Fast RGBA8 to INTENSITY8

NiCo1 · April 23, 2008, 5:39am

Hi guys,

I’m having some problems finding the optimal (fastest) way to convert textures with an internal format of RGBA8 to grayscale/intensity textures with an internal format of INTENSITY8.

I need to use the INTENSITY8 images because it is used for a GPGPU algorithm that operates on 8bpp intensity images. The conversion to grayscale also needs to be done in a preprocessing step because I don’t want to waste cycles on performing dot products to calculate the grayscale value each time I access the RGBA image. I know that calculating grayscale values can be performed in a single pass by taking the dot product of the rgba components with the weighting factors. The problem is that an INTENSITY8 image is not color-renderable, so I can’t write to it if I were to implement such a simple pass. It’s possible to perform the conversion pass from RGBA8 to another RGBA8 where I replicate the calculated intensity to all four components and then use copyTexImage or PBOs to create the INTENSITY8 image but I don’t think that’ll be much faster than calculating the intensity values on the CPU.

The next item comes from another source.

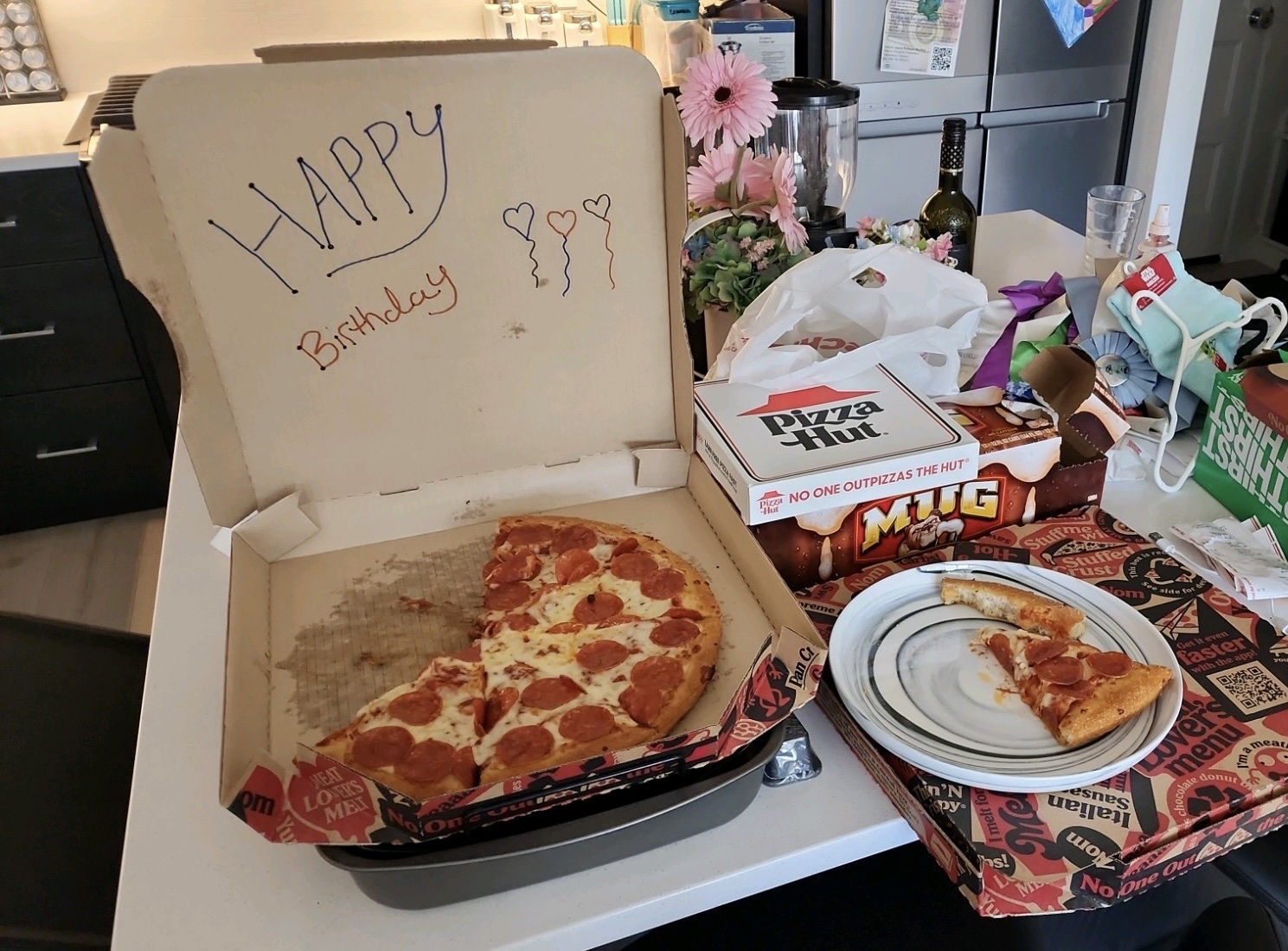 Read moreI don't order here that often and a recent order reminded me of exactly why... Points expire after 6 months. So, if you like to order "once in a while" - they'll probably be expired. This is all about trying to make you order more often, probably. But it really is just annoying. Their prices aren't really competitive. I paid $40 for 2 mediums and some cheese sticks. This also included using a "deal". So, it would have been even more pricey without the deal. Checking a couple of other places, it seems I can get a similar order, except large pizzas, for the same price. One was also via a deal and the other was just by picking their cheaper predefined options. Their website design is junk or they just link to penny-pinch their customers. The deal I used was 2 medium specialties or 5-topping pizzas for $19.99. However, if you try to order a 2-topping specialty and add a topping to this, the system charges you extra. Why? This is still under the 5 toppings. Why can't extra cheese count as part of those 5 toppings, either? They charge you $4.50 for delivery...and they don't even deliver it themselves anymore (Doordash does). Along with delivery fee is the tip... And then Doordash doesn't even bother to read their delivery instructions. The pizza itself didn't even taste that great. In addition to that, my order wasn't even done correctly. My margherita was missing the basil/pesto part of it. So, I basically got a tomato and cheese pizza. Well, along with some garlic. The cheese sticks come with this little sample sized sauce. As a comparison, the sauce you get with Lil Caesar's sticks is vastly larger. Just seems like more penny-pinching. But at least they are still giving you real pizza sauce instead of some prepackaged stuff with a peel-off lid like you'd get at some fast food place. It seemed like Pizza Hut was more of a premium place at one time, perhaps, a long time ago. Maybe the premium is just...

So my question is, given an RGBA8 texture, what is the fastest way of creating the equivalent INTENSITY8 texture without leaving the GPU.

Any help is appreciated

AlexN · April 23, 2008, 6:57am

Use PBOs: render your rgba -> intensity pass into a 1/4 width RGBA8 render target, where each output pixel contains 4 pixels worth of intensity values (blue = pixel 0, green = pixel 1, red = pixel 2, alpha = pixel 3). Read the render target contents into a PBO, then use this PBO as the source for glTexImage on an INTENSITY8 texture.

niko · April 23, 2008, 7:11am

I agree with AlexN, but I would use FBOs.

/N

NiCo1 · April 23, 2008, 7:12am

Thanks for the reply AlexN.

That also passed my mind, but like you said it requires 3 steps.

One shader pass
One transfer to pbo
One from pbo to texture

I have no calculations to perform between the 2nd and the 3rd step so I can’t exploit the asynchronous behavior as the 3rd step has to wait for the 2nd step to complete. The algorithm is intended to run on mobile workstations where the device to device memory bandwidth is roughly 4 times lower than desktops GPUs so I really doubt this would be faster than performing the calculations on CPU. It’s too bad I cant render directly to INTENSITY8 textures to eliminate all these copies…

NiCo1 · April 23, 2008, 7:15am

@niko: Can you be a little more specific?

Zengar · April 23, 2008, 8:46am

I would just do the conversion in the actual algorithm, as you said it is a single dot product == very cheap. Or alternatively, use render to a single channel of a RGBA8 texture instead of an intensity texture. You will waste some memory, but who cares…

NiCo1 · April 23, 2008, 9:19am

A dot product is very cheap indeed but not if it has to be performed many times for a single pixel. The first step of the algorithm performs a Gaussian blurring of the intensity image. So if I use 17 filter taps for the gaussian there are 2 options

1 - Apply the dot product to all 17 taps and sum the result of the scalar values -> lot of overhead compared to preprocessing the image to grayscale in a previous pass

2 - Sum the 17 RGBA values and perform the dot product on the 4-component result -> 4 times the amount of additions needed compared to intensity image

But like you said, I too believe that the fastest way is to use another RGBA8 image in an FBO and just replicate the grayscale values to all channels in a preprocessing pass.

Thanks for the help